ACh-Induced Vasorelaxation in Isolated Thoracic Arteries
The thoracic aorta was dissected and adhering perivascular tissue was removed as we described previously (please see the online data supplement).16
Measurement of NO Production
Basal NO production was measured after l-NMMA (5 mg/kg) was infused at 1 mL/min for 10 minutes.12–14 Endothelium-dependent NO production was measured after ACh was administered at 4 μg/kg per minute for 5 minutes. Plasma NO concentration in the abdominal aorta was monitored over the entire time course.
The aorta was placed in chilled modified Krebs/HEPES buffer (buffer A composition [mmol/L]: NaCl, 99.01; KCl, 4.69; CaCl2, 1.87; MgSO4, 1.20; K2HPO4, 1.03; NaHCO3, 25.0; Na-Hepes, 20.0; and glucose, 11.1; pH 7.4), cleaned of excessive adventitial tissue, and cut into 5-mm ring segments.

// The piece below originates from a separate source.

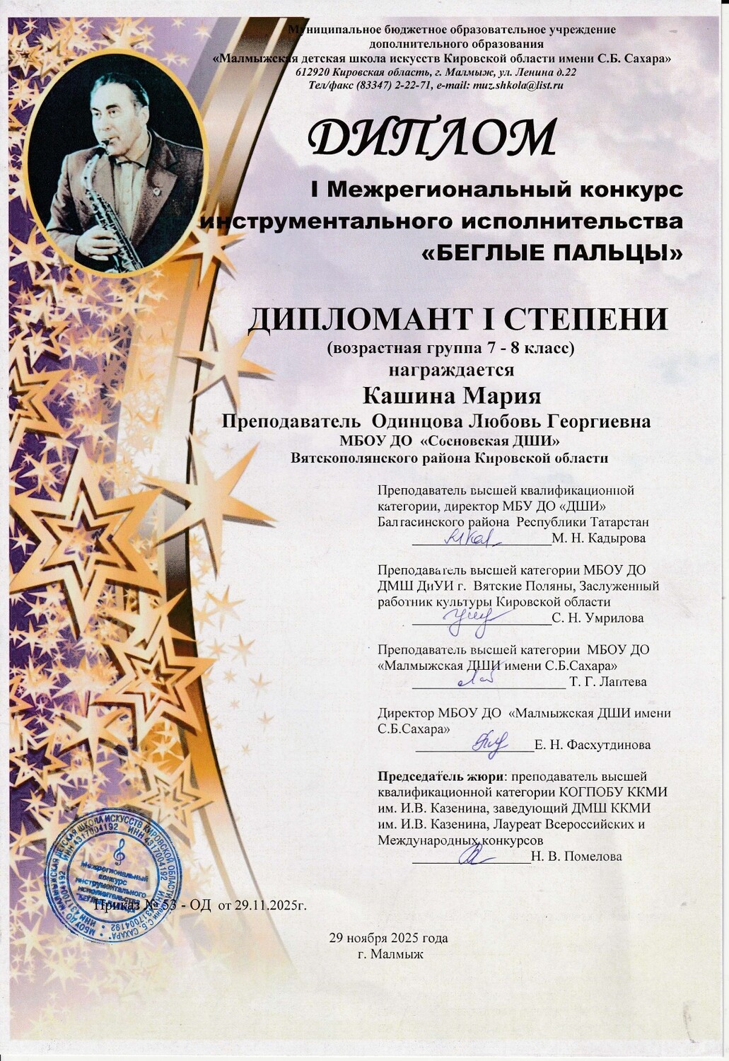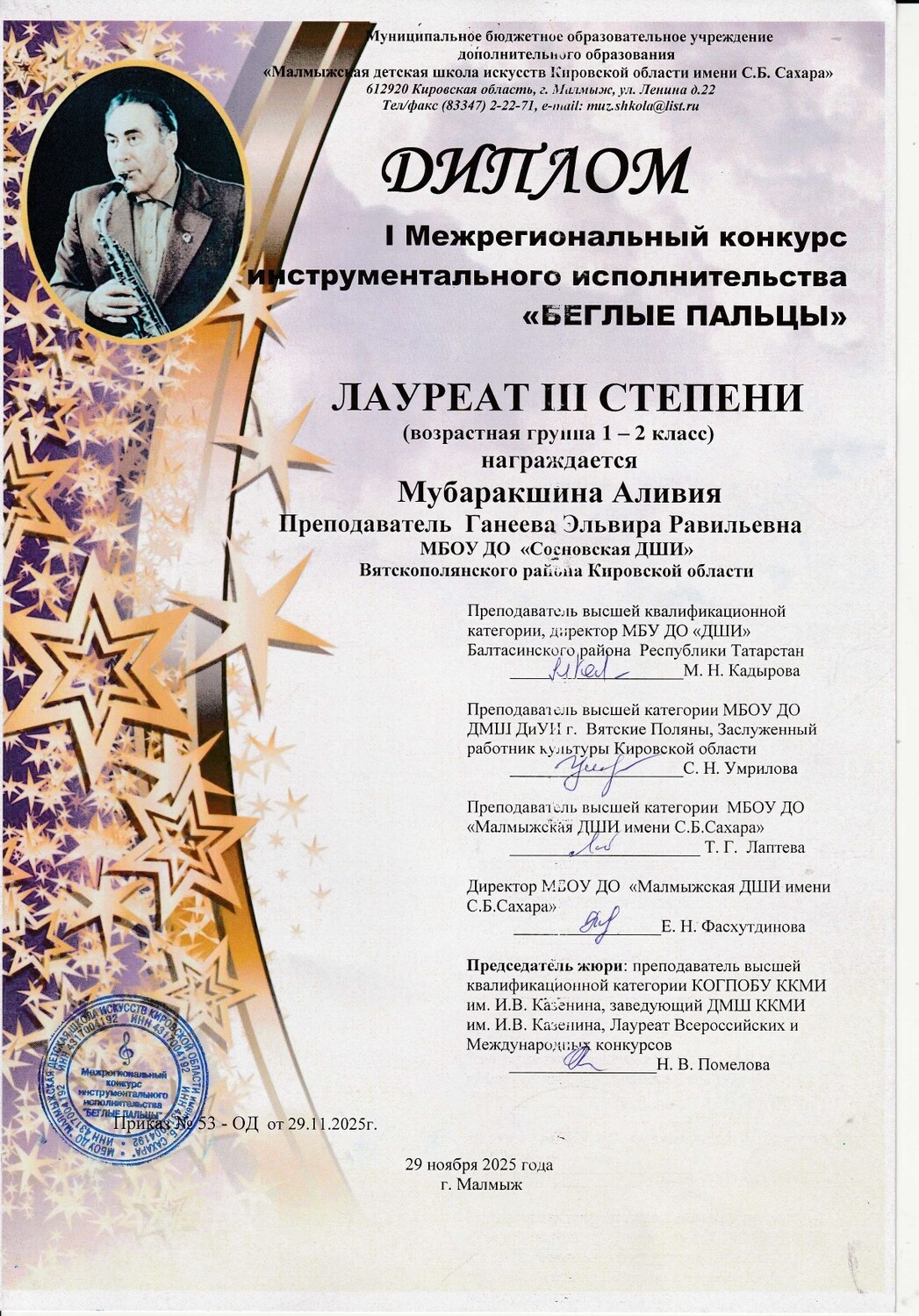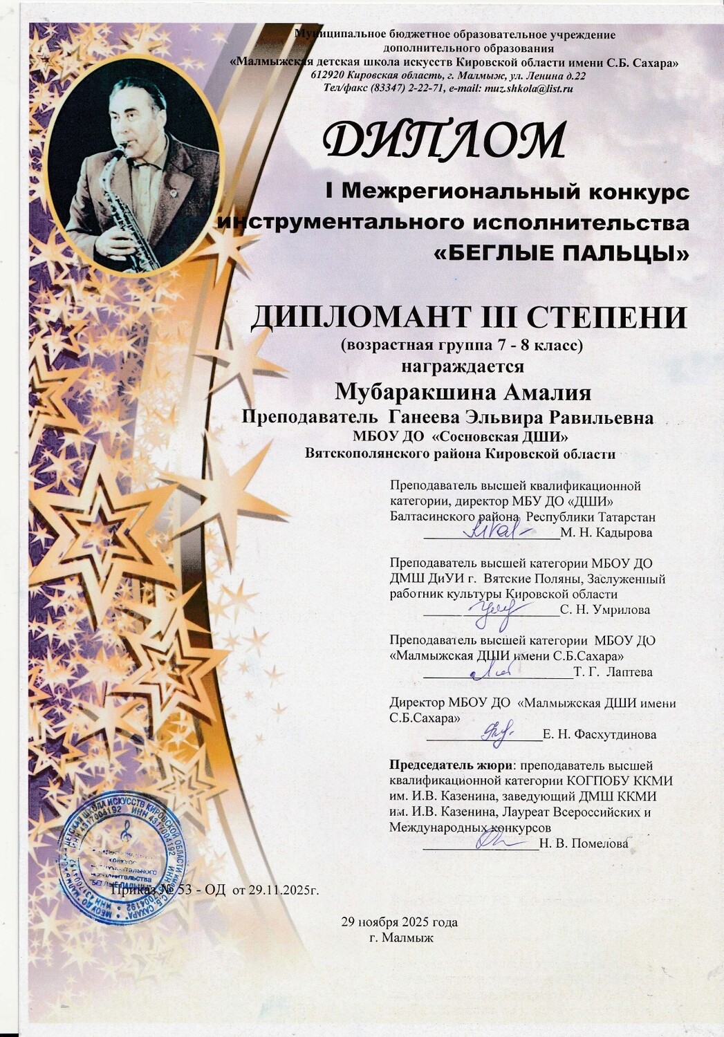 - I Межрегиональный конкурс инструментального исполнительства «Беглые пальцы», г. Малмыж: Мубаракшина Аливия - Лауреат III степени, Овчинникова Ксения – Лауреат III степени, Кашина Мария - Дипломант I степени, Мубаракшина Амалия – Дипломант III степени,
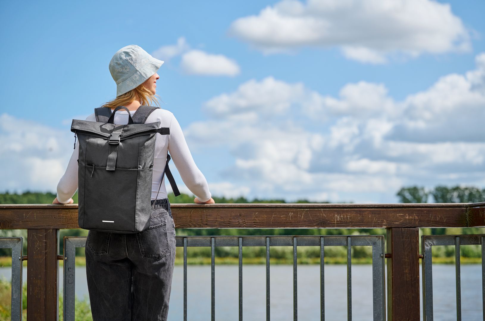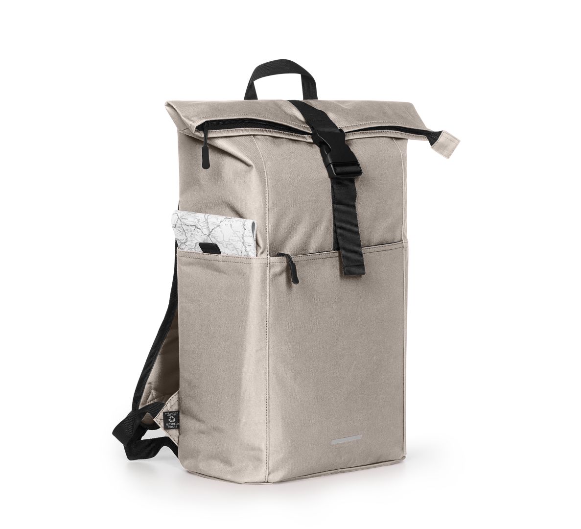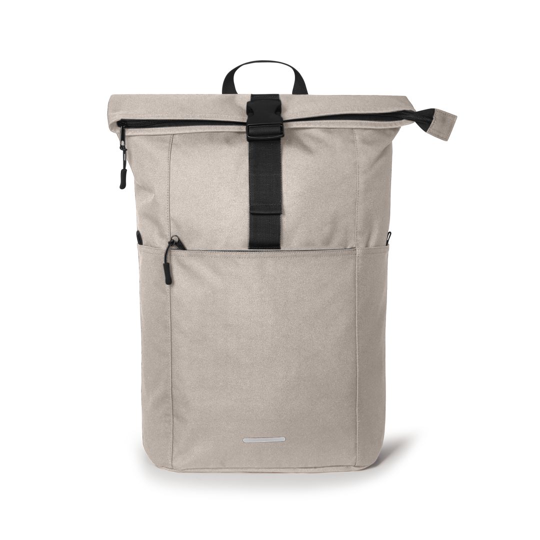 praktischer Roll-Top Rucksack; recycelter Oberstoff; großes Hauptfach mit Reißverschluss und zusätzlichem Steckverschluss; attraktiver Reflexdruck; RPT-Obermaterial; großes gepolstertes Einsteckfach; Airtag-Einsteckfach; große Reißverschluss-Vortasche auf der Front; zwei seitliche Einsteckfächer für z.B. Trinkflasche; gepolstertes Tragesystem; Handgriff

Estimation of Aortic Superoxide Production
Superoxide anion production in the aortic segments was measured by lucigenin (5 μmol/L)-derived chemiluminescence, as described previously.17 Briefly, after preparation, the vessels were placed in modified Krebs/HEPES buffer and equilibrated for 30 minutes at 37°C. Scintillation vials containing 2 mL of Krebs/HEPES buffer with 5 μmol/L of lucigenin were placed in a scintillation counter operating in the out-of-coincidence mode. After dark adaptation, background counts were recorded, and a vascular segment was added to the vial. Scintillation counts were then recorded every 2 minutes for 15 minutes, and the respective background counts were subtracted. The vessels were then dried in an oven at 90°C for 24 hours to determine their dry weight. In addition, to address the influence of NO synthase (NOS)-mediated superoxide production, vessels were incubated with NG-nitro-l-arginine (l-NNA; 1 mmol/L) for 30 minutes, as described previously.18
Estimation of Reduced Nicotinamide-Adenine Dinucleotide Phosphate Oxidase Activity in Vessel Homogenates
Reduced nicotinamide-adenine dinucleotide phosphate oxidase activity was measured as described previously (please see the online data supplement).17
Aorta samples were homogenized in ice-cold RIPA buffer (150 mmol/L of NaCl, 50 mmol/L of Tris-Cl, 5 mmol/L of EDTA, 1% vol/vol of Nonidet P-40, 0.5% weight/vol of deoxycholate, 10 mmol/L of phenylmethylsulfonyl fluoride, 2 μg/mL of aprotinin, and 2 μg/mL of leupeptin). Aortic extracts (30 μg protein per lane) were mixed with a sample loading buffer and separated on 12% SDS-polyacrylamide gel. Proteins were electrotransferred on polyvinylidene fluoride membranes (0.2 μm: Immun-Blot, Bio-Rad). The membrane was blocked in 5% nonfat dry milk and immunoblotted for anti-endothelial NOS (eNOS; Signal Transduction Laboratories, Cell Signaling Technology), antiphospho-eNOS (Cell Signaling Technology), anti-Akt (New England Biolabs), antiphospho-Akt (New England Biolabs), antiheat shock protein 90 (Hsp90; Transduction Laboratories), and antigp91phox (Santa Cruz Biotechnology). The bands were detected using a chemiluminescence assay (ECL Plus, Amersham). The profile of each band was plotted using National Institutes of Health Image software, and the densitometric intensity corresponding with each band was normalized using α-tubulin expression.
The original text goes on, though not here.